The data
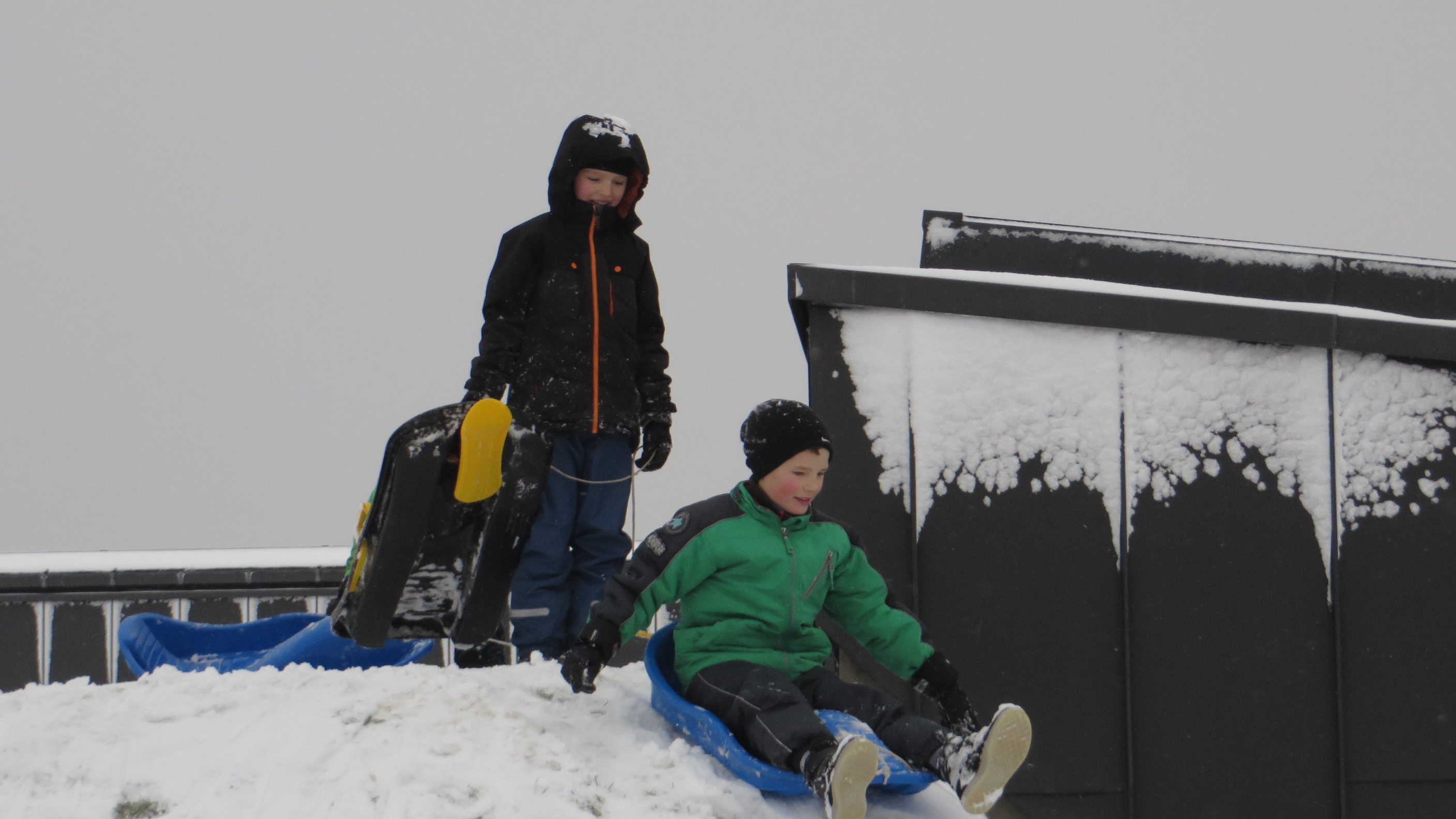 Her er vi på kælkebakken med Christian E og Jakob, men mor og Laura er til gymnastik.Billedet er taget Saturday, January 24, 2015 12:24 PM.
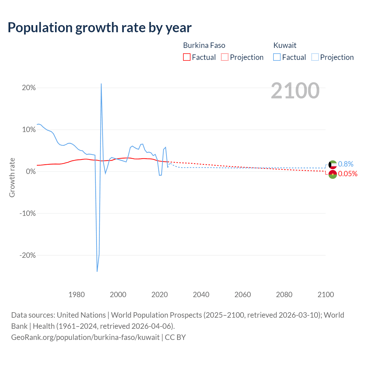 - For the last 10 years, Burkina Faso has had an average growth rate of +2.63% per year vs +3.1% in Kuwait.
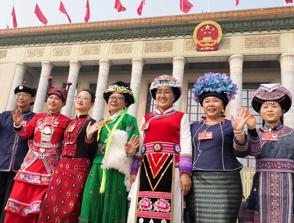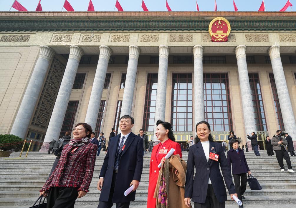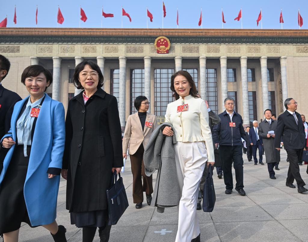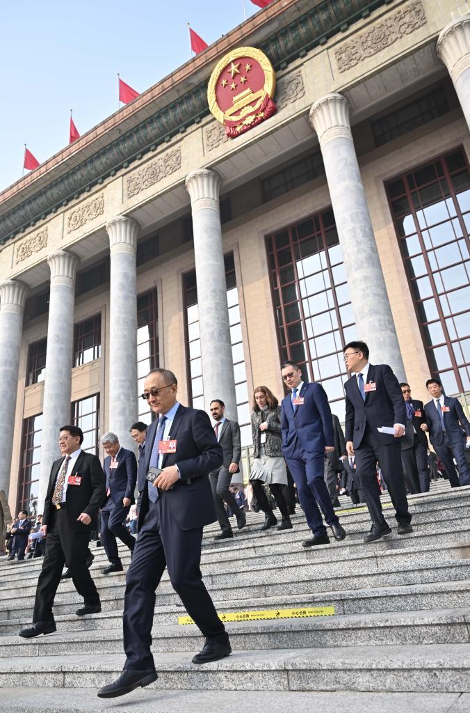 3月10日,全國(guó)政協(xié)十四屆三次會(huì)議在北京人民大會(huì)堂舉行閉幕會(huì)。這是閉幕會(huì)后,委員們走出人民大會(huì)堂。

Requirement
An exact copy of the listing is required; return it without any pictures.

Response for this exercise
 Her er vi på kælkebakken med Christian E og Jakob, men mor og Laura er til gymnastik.Billedet er taget Saturday, January 24, 2015 12:24 PM.
 - For the last 10 years, Burkina Faso has had an average growth rate of +2.63% per year vs +3.1% in Kuwait.
 3月10日,全國(guó)政協(xié)十四屆三次會(huì)議在北京人民大會(huì)堂舉行閉幕會(huì)。這是閉幕會(huì)后,委員們走出人民大會(huì)堂。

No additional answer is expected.